Senna shrugged. “We understand the Clan mind as, candidly, few other Clanners do. But our analysts aren’t psychic. Let us say the Khan has decided he’d best serve Turkina, and her, a hundred light years from the Clan Occupation Zone.”
Robert Ballantrae shifted in his chair. A big bluff Northwind Highlander of the old style, he had little more love for fancy talk than he did for Clanners. “So this madman’s the main threat to our peace here in the Inner Sphere?”
Tara Campbell noted he did not say, The Republic ; during the second fight for Northwind the Colonel
had made it clear that his primary loyalty was to Northwind itself, and if The Republic would not protect his home world, then it could go hang. Fortunately, his loyalty to planet was inextricably intertwined with loyalty to the person of that planet’s hereditary ruler: Countess Tara Campbell. He would serve The Republic of the Sphere as zealously as did Tara despite his skepticism, because he would serve his Countess as loyally as her own right hand.
Senna laughed softly through the dark. “No, Colonel. Not at all. He’s neither main nor maddest.”
She touched a control surface on the remote she held. The image of Bec Malthus was replaced by that of a woman: strikingly beautiful, with skin like snow, eyes like winter sky, and hair like a frozen waterfall.
“Galaxy Commander Malvina Hazen, commanding the Delta or Gyrfalcon Galaxy. The White Virgin, the Ice-Bitch, the Butcher of Wotan. Since leaving her sibko, she has never left an opponent who faced her in single combat alive—not enemies on the field of battle, nor fellow Falcons in Trials. The leading ristar of Clan Jade Falcon, its foremost MechWarrior and battle commander. Excepting only one. It is said you can see a furnace of fanaticism and fury burning through her pale skin, although I wonder if that’s just the light of madness.”
“She murdered Hamilton.” Tara Campbell almost spat the words. She saw no need for diplomatic evasion here.

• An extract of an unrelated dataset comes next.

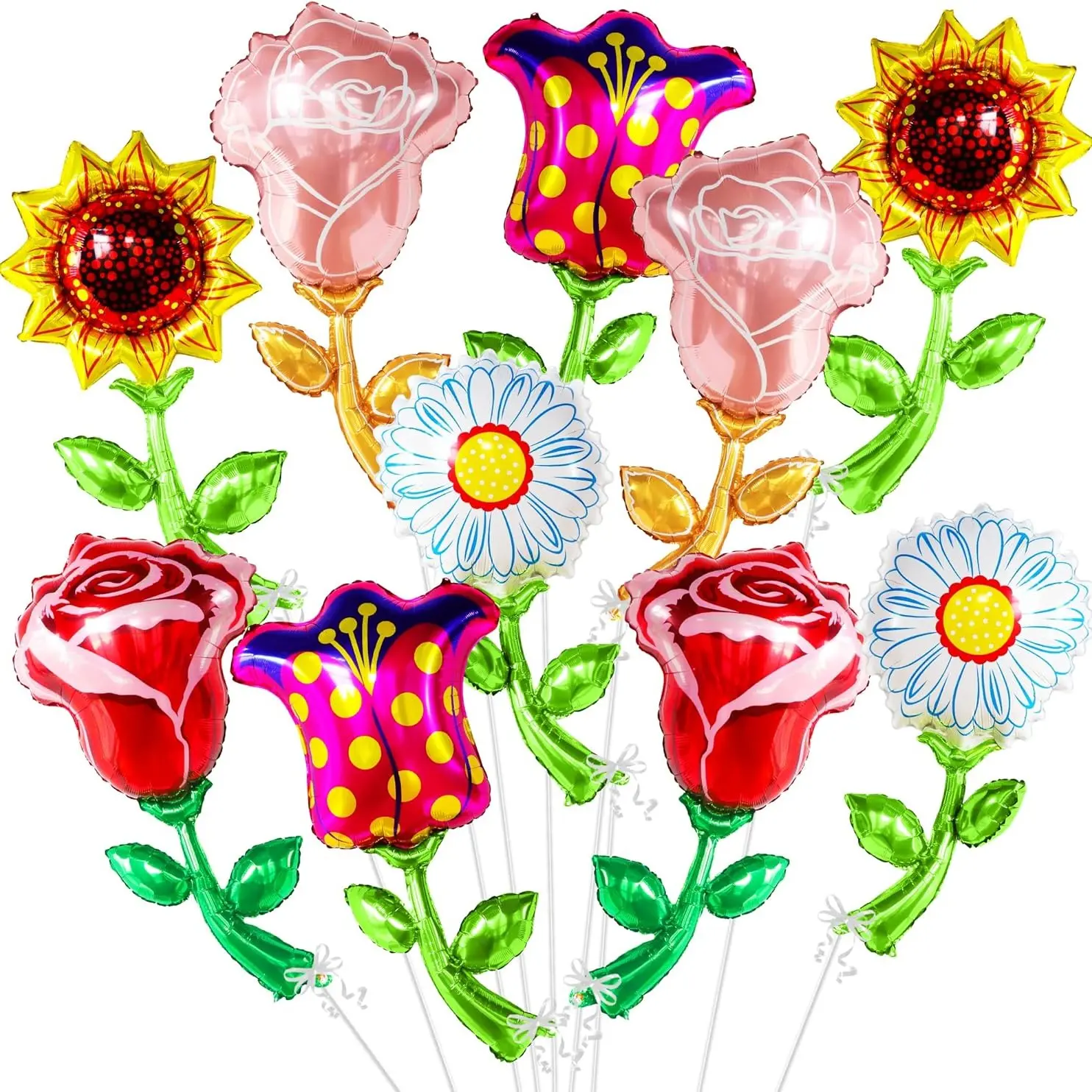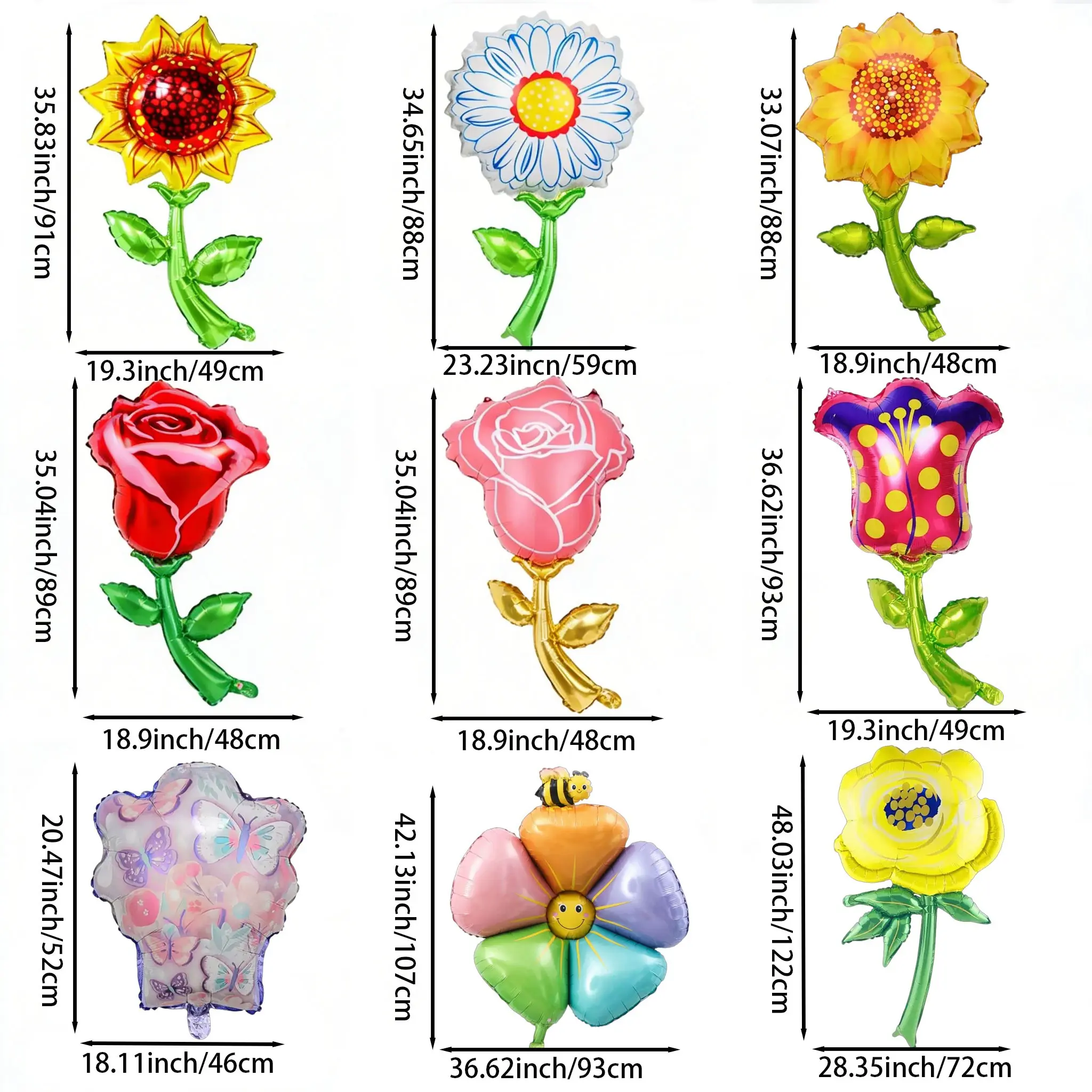 9 Floral Aluminum Foil Balloons for Kids Birthday Party, Outdoor Camping Decor, Wedding Reception, Valentine's Day, Mother's Day, Graduation

Senna nodded slowly. “She did. And whether you believe me or not, Countess, I despise the deed as heartily as you. No matter: she has done as much before, and worse. A few years back, laborers mutinied on Wotan against the incompetent administration of a MechWarrior who had caused a famine claiming a thousand lives. That MechWarrior was later broken by the Clan Council, and died Solahma under command of Malvina herself. In spite of that, then-Star Captain Malvina, not yet Bloodnamed, exterminated the population of an entire bloc. Five thousand workers. Children, women, men. By way of example, you see.”
Silence filled the room like sickly fog.
“She is even smaller than you, Countess Campbell,” Senna said. “The confrontation between you will be epic despite your physical statures.”